When a beneficiary, or a third party on behalf of the beneficiary, makes a partial payment of an amount due the provider, which is not specifically identified as to which debt it is intended to satisfy, the PRM 15-1, Chapter 3, Section 326 requires that the payment is to be applied proportionately to Part A deductibles and coinsurance, Part B deductibles and coinsurance and non-covered services. The basis for pro-ration of partial payments is the proportionate amount of amounts owed in each of the categories.
Reduction of bad debts
The CFR at 42 CFR 413.89(h) provides for the limitation on bad debts for hospitals. This limitation is a reduction of the total allowable bad debts. The reductions of bad debts for each component are discussed in PRM 15-2, Section 4000 – 4070.
CMS clarifies Medicare bad debt policy related to accounts at a collection agency
Providers must follow all of the criteria for allowable bad debt as described in 42 CFR 413.89(e) and Chapter 3, Section 308 and Section 310 of the Provider Reimbursement Manual. According to these criteria, a provider must establish that reasonable collection efforts were made. A provider must establish that the debt is uncollectible when claimed as worthless and use sound business judgment to establish that there is no likelihood of recovery at anytime in the future.
It has been longstanding CMS policy that a provider cannot have determined that a debt was uncollectible and could not have established that there was no likelihood of recovery while the account is still at the collection agency 42 CFR 413.89 (e) . PRM 15-2, Chapter 3, Section 310.A of the PRM clearly states that “A provider’s collection effort may include the use of a collection agency in addition to https://www.cms.gov/Regulations-and-Guidance/Guidance/Manuals/Downloads/P151_03.zip or in lieu of subsequent billings, follow-up letters, telephone, and personal contacts.”
Until a provider’s reasonable collection effort (including the use of a collection agency as well as in-house efforts) has been completed, Medicare bad debts may not be deemed as uncollectible Chapter 3, Section 310.2 of the PRM, presumption of non-collectibility provides that, “If after reasonable and customary attempts to collect a bill, the debt remains unpaid for more than 120 days from the date the first bill is mailed to the beneficiary, the debt may be deemed uncollectible.” However, PRM 15-1, Chapter 3, Section 310.2 must be read within the context of the regulations and Section 310 . As noted above, the manual makes it clear that CMS deems the use of a collection agency to be part of the provider’s ongoing collection effort, and as long as the debt remains with a collection agency (even if more than 120 days), the debt cannot be deemed “uncollectible.” Therefore, in accordance with the regulation/policy in effect prior to the moratorium, effective August 1,1987, until a provider’s reasonable collection efforts have been completed, including both in-house efforts and the use of a collection agency, unpaid deductible and coinsurance amounts cannot be recognized as a Medicare bad debt.

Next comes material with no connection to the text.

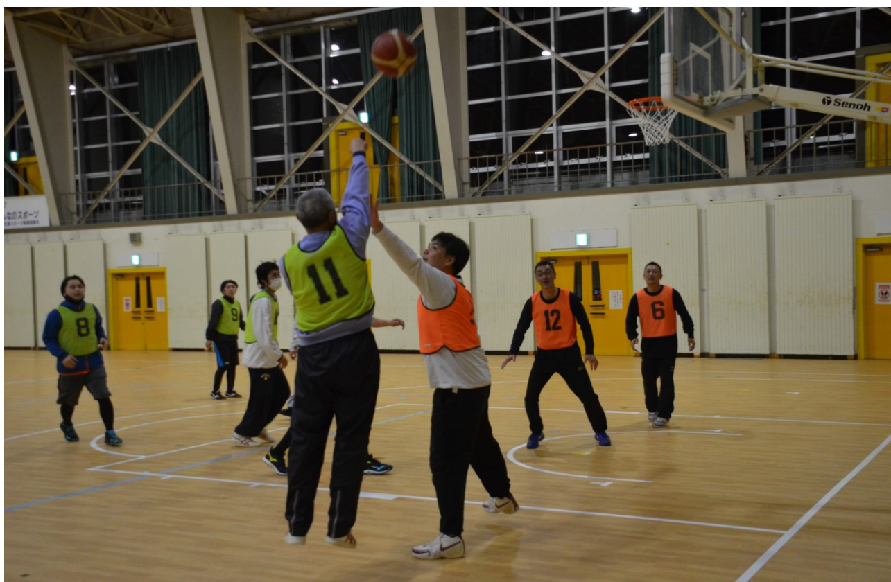
第48回葛巻町民バスケットボール大会より (3月7日、葛巻町社会体育館)

Must-Bill Policy for Reimbursement of Dual Eligible Bad Debts
With the exception of Puerto Rico providers and IMD (Institution of Mental Disease) patients ages 21 – 64, before a “dual-eligible” bad debt can be claimed, CMS requires the provider to bill a patient or entity legally responsible for the patient’s bill with respect to those deductibles and coinsurance owed by “dual-eligible” patients. Title XIX eligible bad debts are commonly classified as “crossovers” or “dual-eligibles”. This type of bad debt pertains to a patient that has Medicaid and Medicare eligibility.
Section 1905(p) (3) of the Social Security Act imposes liability for cost-sharing amounts for “dual-eligibles”. It allows the State to limit the cost-sharing if the Medicaid rate is lower than what Medicare would pay for the service. However, whether the State owes part or none of the deductible or coinsurance, a bad debt cannot be claimed for reimbursement until the provider bills the State and the State refuses payment (with a State Remittance Advice).